I am interested in this library because it uses Cython and thus has greater speed than a pure Python library for parsing VCF files with _many_ samples. However, I am currently encountering two issues with the files that I can typically work with using the the PyVcf library [1].
I am wondering if the pysam developers could comment on these, as I imagine they are rational decisions.
(1) It seems that the parsing of the genotypes does not tolerate cases where the format is GT:AD:DP:GQ:PL, yet the VCF producer provides null genotypes as merely "./.". This poses a bit of a problem for me, as many of my VCF files have been generated by GATK, which often violate this rule. Has anyone considered a "relaxed" option that allows this common issue?
My code is as follows:
#!/usr/bin/env python
import sys
import pysam
vcf = pysam.VCF()
vcf.connect(sys.argv[1])
for var in vcf.fetch():
print var.contig, var.pos, ",".join([str(var[s]['GT']) for s in var.samples])
(2) The pysam VCF parser seems to have an issue with the header FORMAT definitions of VCF files generated by both GATK and FreeBayes.
I have tested the above code on two files:
The errors I receive are:
Line 2: '##FORMAT=<ID=AO,Number=A,Type=Integer,Description="Alternate allele observation count">'
Error BADLY_FORMATTED_FORMAT_STRING: Formatting error in the format string
Traceback (most recent call last):
File "test.py", line 7, in <module>
vcf.connect(sys.argv[1])
File "cvcf.pyx", line 982, in cvcf.VCF.connect (pysam/cvcf.c:19709)

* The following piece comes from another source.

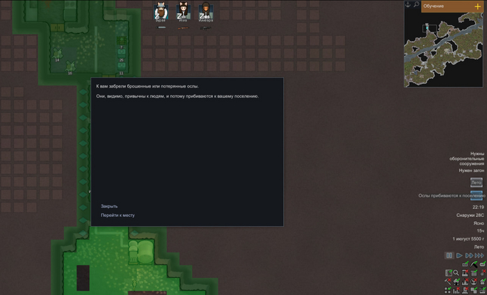 Наверное стоит немного отвлечь Бурава от бурения, и построить загон - пока лето - ослы себя прокормят сами. Придёт зима - посмотрим, успеем ли мы наладить производство пищи (и соответственно комбикорма) или пустим их самих на прокорм. Если всё будет благополучно -транспорт нам нужен будет: мы же вливаться в местное общество через торговлю собираемся.

File "cvcf.pyx", line 856, in cvcf.VCF._parse_header (pysam/cvcf.c:17303)
File "cvcf.pyx", line 511, in cvcf.VCF.parse_header (pysam/cvcf.c:9401)

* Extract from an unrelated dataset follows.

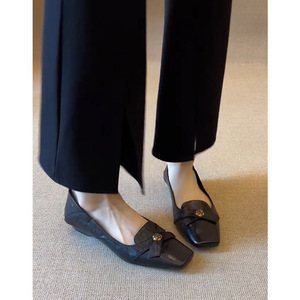 现货版~方头法式山茶花蝴蝶结坡跟玛丽珍浅口通勤气质复古平底鞋

File "cvcf.pyx", line 394, in cvcf.VCF.parse_format (pysam/cvcf.c:6414)
File "cvcf.pyx", line 334, in cvcf.VCF.error (pysam/cvcf.c:5021)
ValueError: Formatting error in the format string
and
Line 6: '##FORMAT=<ID=PL,Number=G,Type=Integer,Description="Normalized, Phred-scaled likelihoods for genotypes as defined in the VCF specification">'
Error BADLY_FORMATTED_FORMAT_STRING: Formatting error in the format string
Traceback (most recent call last):
File "test.py", line 7, in <module>
vcf.connect(sys.argv[1])
File "cvcf.pyx", line 982, in cvcf.VCF.connect (pysam/cvcf.c:19709)
File "cvcf.pyx", line 856, in cvcf.VCF._parse_header (pysam/cvcf.c:17303)
File "cvcf.pyx", line 511, in cvcf.VCF.parse_header (pysam/cvcf.c:9401)
File "cvcf.pyx", line 394, in cvcf.VCF.parse_format (pysam/cvcf.c:6414)
File "cvcf.pyx", line 334, in cvcf.VCF.error (pysam/cvcf.c:5021)
ValueError: Formatting error in the format string
Looking at the spec [2], I am unable to tell what is wrong with these lines. Could one of the developers comment on this? I am sure it is something obvious that I am missing.
All the best,
Aaron